Because he had never been a German.

And poor Casey had never been the blond boys.

She was better, his love said—better! She was everything.

But briefly it twisted him with sadness, this matter of never having been German.

It took a long, dull while to find the man he was looking for once he and the Germans parted company. He sat in a small restaurant with wooden floors, where they served nothing but fish with too many small bones in it and no discernible seasoning and rice and beans and warm soda. He waited. These were his instructions; another man had told him the first man, the tour guide’s brother, was on the water and would come in later.

He had tried waiting outside the brother’s house for a while but there was nowhere to sit, only a patch of dirt beside a screen door hanging off a single hinge, and eventually he had wandered back to the restaurant and told the hostess he would like to wait at a table, please.

Once or twice he got up and walked around, stretching his legs. In the back of the restaurant, on a small, dusty table, they sold folk art of a heartrending ugliness.

The Germans were coming back at four-thirty, when he was due to meet them at the ocean pier again for the ride back to the hotel. He consulted his watch frequently and worried that the brother wouldn’t show up by then, that he’d come all this way for nothing. Finally he fell asleep with his head on his arms on the table, and a man came and tapped his elbow. He jerked his head up in startlement.

It was an older man, dark-skinned with thinning hair cropped close to his head.

“Mr. Lindley?” he asked, and Hal nodded, still sleep-addled, and gestured at him to please sit down, and could he get him something to eat or drink.

When they both had grape sodas in front of them—the only thing available in a bottle besides beer—Hal said he understood the man’s brother had taken Stern on the boat, and only the boat had come back. The man said it was his half-brother Dylan, and that yes, the boat had come back but not the men.

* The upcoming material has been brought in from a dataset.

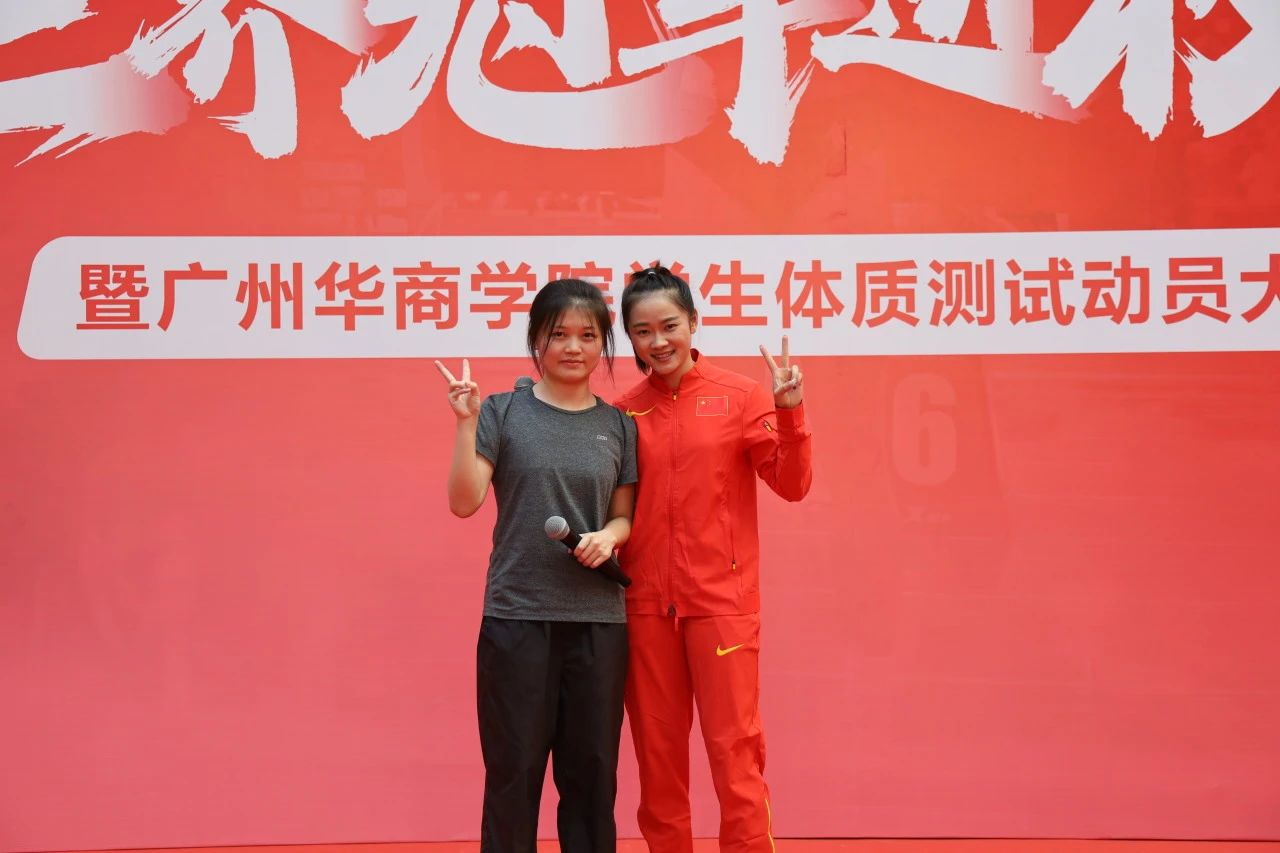 10月29日下午,世界冠军进校园暨米兰·官方版在线入口学生体质测试动员大会以线上+线下的方式在广州校区图书馆举行。世界冠军、中国田径短跑运动员梁小静莅临华商,作为特邀“体育老师”分享其运动生涯与夺冠背后的奋斗历程。世界冠军梁小静,广东省体能协会常务副会长兼秘书长韩春远,增城文旅体中心副主任朱庆伟,广州博润体育科技有限公司、赛事运营副总经理刘义勇,米兰·官方版在线入口党委书记陈玉欢,学校党委委员、副校长许娜,以及各职能部门负责人、二级学院代表出席本次大会,与500余名师生代表共上一堂“体育课”。本次会议由学校副校长许娜主持。
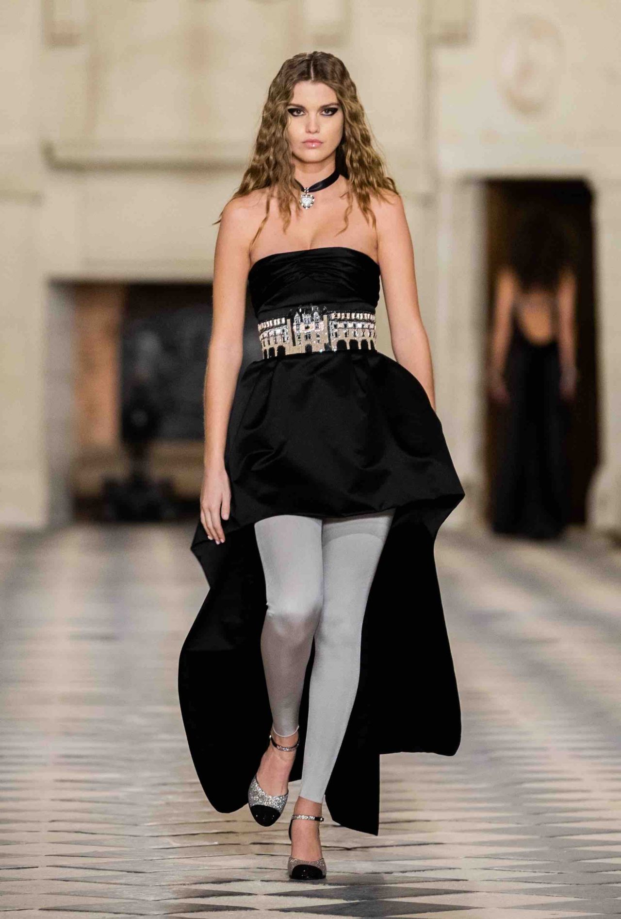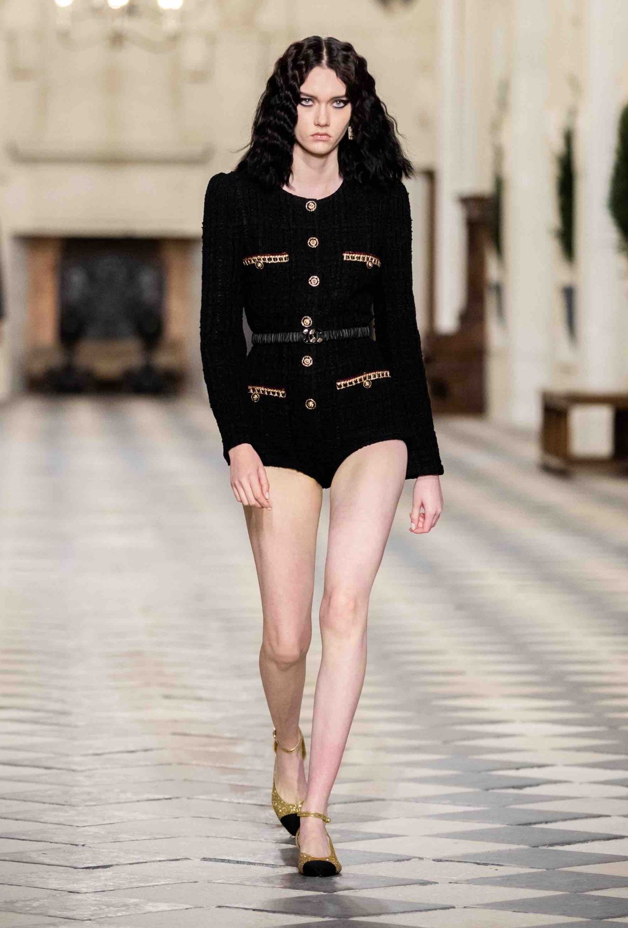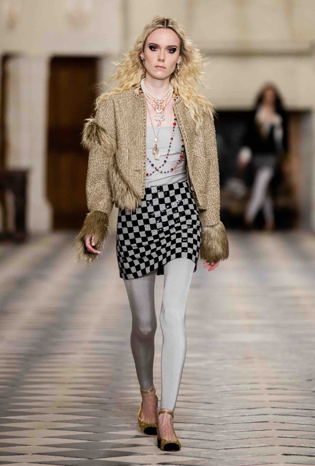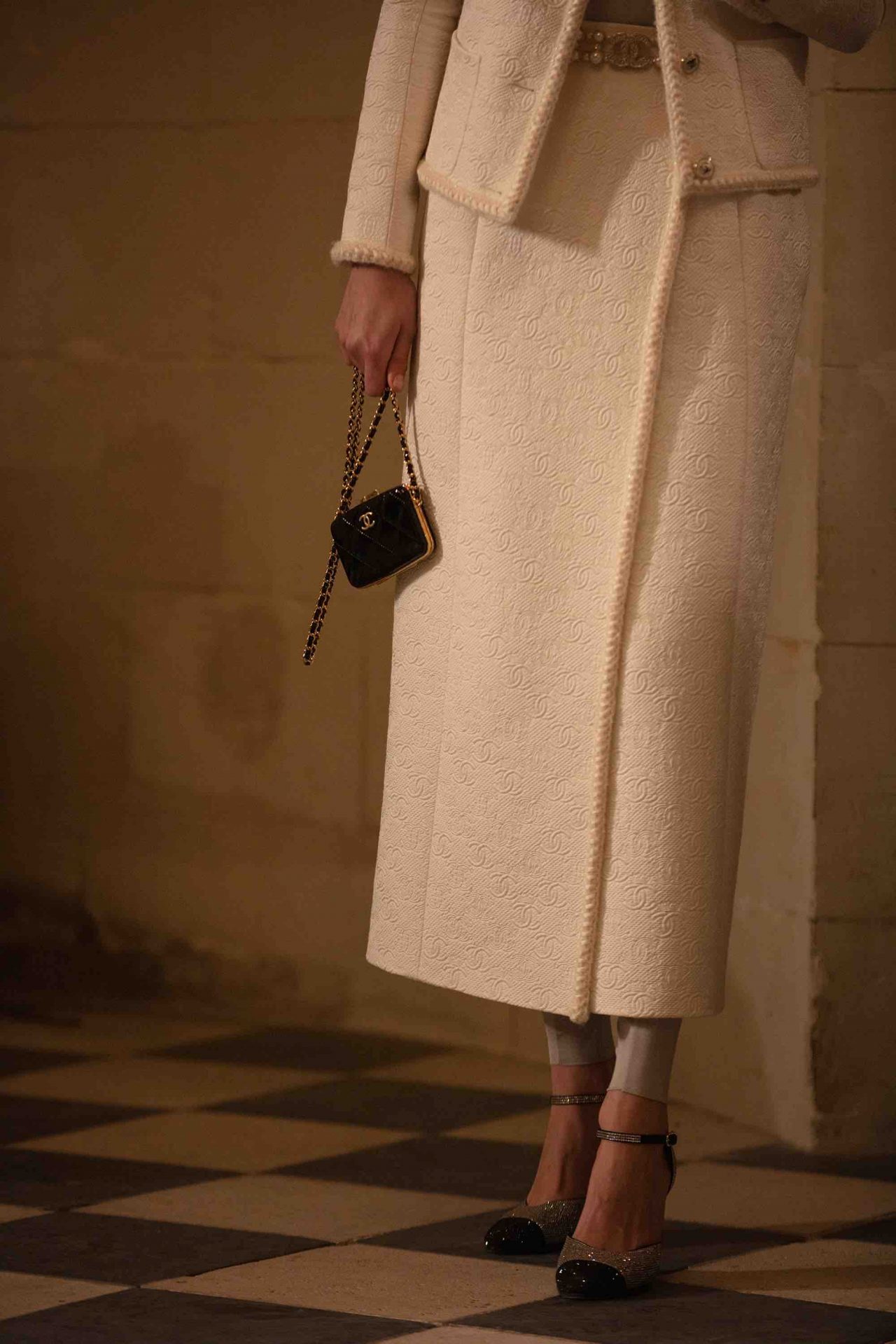 そうした経緯からショーの舞台に選ばれた「貴婦人たちの城」は、コレクション自体にも大きなインスピレーションを与えている。メゾンのミューズである Kristen Stewart (クリステン・スチュワート) が見守る中、始まったショーのランウェイとなった城内のグランドギャラリーの市松模様のフロアは、スパンコールをあしらったミニスカートに。シュノンソー城のタペストリーからインスパイアされたツイードのケープや庭園に咲く花々を想起させる花の刺繍などがコレクションに散りばめられている。ウエストをマークするように城の外観がスパンコールであしらわれた遊び心溢れるルックも。

At first, when the boat was discovered, no one was sure whether to do anything. After all the men had been headed out on a cross-country backpacking trip. The loss of their boat would be a handicap, but only when they returned to the trailhead at the river and found it missing. No one knew when to send another boat looking for them. They had taken enough supplies for a couple of weeks, and Dylan knew the braids of the river well and could bring them back down without the boat. On the other hand, if their food was entirely depleted by the time they discovered the boat was missing, that could be a problem.

Hal remembered what the German had said and asked about the boat’s outboard motor. The brother said it was broken, one of the blades had snapped, but it was not clear when this had occurred, whether it was before or after the boat had been separated from the men. It was more likely, said the brother, that it had happened when the motor was running. But this made little sense, because Dylan would not have abandoned the boat. Under no circumstances. He had bought it himself and rebuilt it with his own hands.

In any case, said the brother, they had to assume, at this point, weeks later, that the men were not returning.

He would never have thought it could happen. The Monkey was a slow, muddy river; the only possible human predators in the rainforest were jaguars, and in many generations none of these had harmed anyone. There were venomous snakes like the fer-de-lance, but it was unlikely a snake would have bitten both men. Possibly they had been attacked by thieves or guerrillas wandering the jungle, but that too was extremely far-fetched.

He was confused. He was mourning his brother but it was an odd, uncertain mourning.

“If I needed to find out more,” said Hal, “what could I do?”

“I don’t know,” said the man, and finished his grape soda. His way of speaking had a kind of Creole lilt, or maybe Caribbean generally. It was melodious.

“Should I go up the river myself? Pay an outfitter or another guide to cover it, take along some rescue workers? I have a budget.”